Since clustering runs k-means or GMM on MIX, clustering at standalone mode does not run any clustering. It also makes tests of driver (ongoing at #650) cannot test the most of its functionality. It may be fixed by implementing an API to manually invoke clustering with current internal states.
On discussion 2014-03-03 with @beam2d:
Currently, batch_update of clustering model is only executed when MIX is called. By executing it also after each compression of coreset, clustering can work on standalone mode.
In the future, users may control which timing to run do_clustering in config options to balance the trade-off between clustering accuracy/latency and throughput. jubaclustering may also have a kind of do_clustering in the API in the future version.
I found that clustering already works even for standalone mode when the current bucket size exceeds the config parameter bucket_size, by calling increment_revision() which is the only function to invoke update_clusters().
I have added test for make it sure in f077b67 (fix_standalone_clustering branch).
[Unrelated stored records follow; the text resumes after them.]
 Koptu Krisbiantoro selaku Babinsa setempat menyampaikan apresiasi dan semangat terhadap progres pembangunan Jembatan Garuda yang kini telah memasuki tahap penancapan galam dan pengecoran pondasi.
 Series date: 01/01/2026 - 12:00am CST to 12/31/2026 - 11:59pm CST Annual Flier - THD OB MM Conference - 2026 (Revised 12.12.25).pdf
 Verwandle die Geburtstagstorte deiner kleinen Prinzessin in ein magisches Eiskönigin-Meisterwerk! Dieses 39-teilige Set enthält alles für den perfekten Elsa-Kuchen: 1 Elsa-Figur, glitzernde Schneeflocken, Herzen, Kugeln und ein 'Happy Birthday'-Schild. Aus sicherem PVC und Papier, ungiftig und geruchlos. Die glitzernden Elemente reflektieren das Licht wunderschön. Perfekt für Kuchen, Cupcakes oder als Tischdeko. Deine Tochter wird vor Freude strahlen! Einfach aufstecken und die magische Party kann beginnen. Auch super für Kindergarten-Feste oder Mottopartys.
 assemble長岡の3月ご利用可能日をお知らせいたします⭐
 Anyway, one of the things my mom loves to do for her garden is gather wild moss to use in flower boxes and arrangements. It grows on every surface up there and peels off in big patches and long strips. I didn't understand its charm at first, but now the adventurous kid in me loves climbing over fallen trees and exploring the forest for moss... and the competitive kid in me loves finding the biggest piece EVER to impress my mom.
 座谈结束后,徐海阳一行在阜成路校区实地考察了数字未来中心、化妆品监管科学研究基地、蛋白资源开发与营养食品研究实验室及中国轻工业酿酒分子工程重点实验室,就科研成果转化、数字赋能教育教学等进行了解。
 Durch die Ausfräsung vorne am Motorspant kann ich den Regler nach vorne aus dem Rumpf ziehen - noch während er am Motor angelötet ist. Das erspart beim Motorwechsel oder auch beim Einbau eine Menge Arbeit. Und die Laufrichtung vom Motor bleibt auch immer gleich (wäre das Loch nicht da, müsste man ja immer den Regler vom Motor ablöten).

In my opinion, there is nothing to do with it now.
For compressive_storage, it is natural that clustering result is updated every time the size exceeds the parameter and their compression happens.
For simple_storage, the size of stored points is actually NOT limited by bucket_size. Then, this parameter can be just a threshold to control the frequency of cluster updates.
Discussion from the meeting on 2014-03-24:
This has been moved to jubatus/jubatus_core#32